The bill also prohibits servicers and subgrantee partner hospitals from using grant funds for administrative costs, and caps at $10,000 per year, or $30,000 in total, the amount of grant money a nurse employed by a partner hospital can receive in loan-repayment assistance for a degree in nursing.

“My legislation would help the Commonwealth provide more creative and collaborative solutions to the nursing care shortage with the goal of helping our struggling healthcare system better serve the public,” Kosierowski said in a news release issued after the state House’s Labor and Industry Committee approved the bill.

It has yet to go before the full House for a vote.

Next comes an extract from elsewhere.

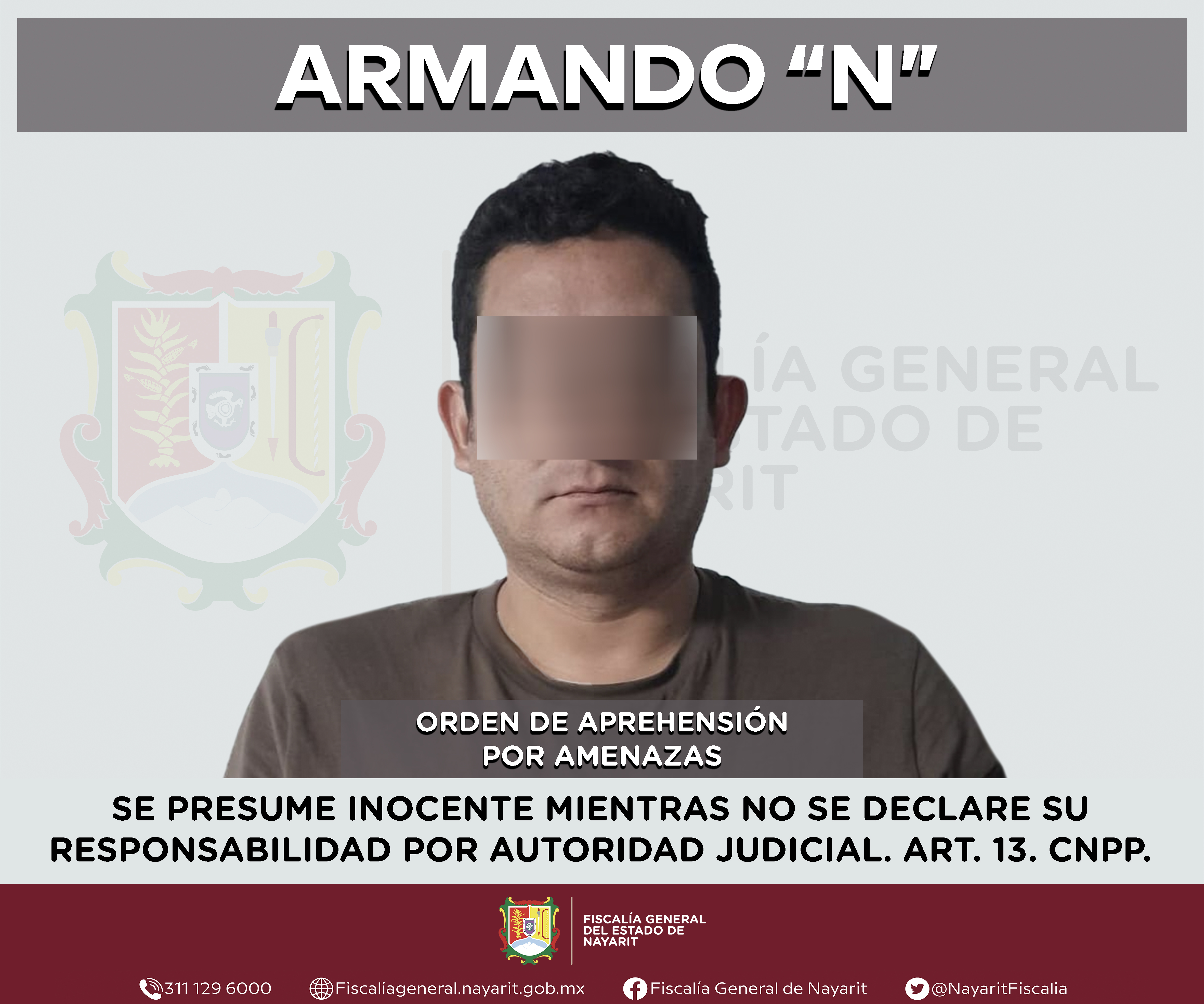 La Fiscalía General de Nayarit a través de la Agencia de Investigación Criminal ejecutó una orden de aprehensión en la ciudad de Tepic contra Armando “N”, por su presunta participación en hechos que según apreciación de la ley encuadran el de...

Mary Jane DiMattio, a professor and chairwoman of the University of Scranton’s nursing department, endorsed the proposal. But she also said addressing the state’s boarder health care workforce challenges will require investments in worker-retention strategies that complement workforce development and recruitment efforts.

“If we don’t look at the retention issues and why nurses leave, particularly the hospital bedside, this initiative isn’t going to do everything that we hoped,” DiMattio said. “So certainly I’m in favor of it and I think it’s great, but I think that … more work needs to be done on why nurses leave the hospital bedside.”

After surveying more than 800,000 nurses, the National Council of State Boards of Nursing released in April findings from its 2024 National Nursing Workforce Study that showed more than 138,000 nurses left the workforce since 2022, with stress, burnout and retirement listed as key reasons. The study also found that almost 40% of responding registered nurses and more than 41% of responding licensed practical nurses and vocational nurses reported an intent to leave the workforce or retire within the next five years, with more than 40% of those respondents identifying stress and burnout as root causes.

Beyond burnout and stress, other top reasons include workload, understaffing and inadequate salary, according to the NCSBN.

“While we have seen some improvements, staffing challenges, stress and burnout, and workforce safety are issues that have permeated the nursing industry before, during and after the (COVID-19) pandemic and are still challenges,” NCSBN Chief Executive Officer Phil Dickison said in an April news release. “It is necessary to continue efforts to retain more experienced nurses and address longstanding factors associated with nurses’ premature intent to leave, ensuring dependable workforce planning moving forward.”

On the retention front, DiMattio said other grant initiatives should aim to help hospitals improve their practice and work environments.

“Because that’s what comes out in every research study that’s been done on this,” she said. “Nurses leave hospitals because of the practice environment, and hospitals that have better practice environments are better at retaining nurses.”

Kosierowski, who worked as a nurse for decades before entering politics, said her legislation and the governor’s proposed budget investment should help the state address the need for new nurses and fill the void.

“This is a huge crisis, but we’ve got to do something and I think the governor’s plan is one more incentive to go to nursing school, to get a job in the hospitals and to stay here,” she said.

She also described nursing as a rewarding but high-stress job made more stressful by staff shortages, long hours, greater patient needs, the growing threat of workplace violence and other factors.

“It’s very difficult work, and we want to make sure that we are rewarding those professionals for the job that they do,” Kosierowski said. “And something like this program does just that.”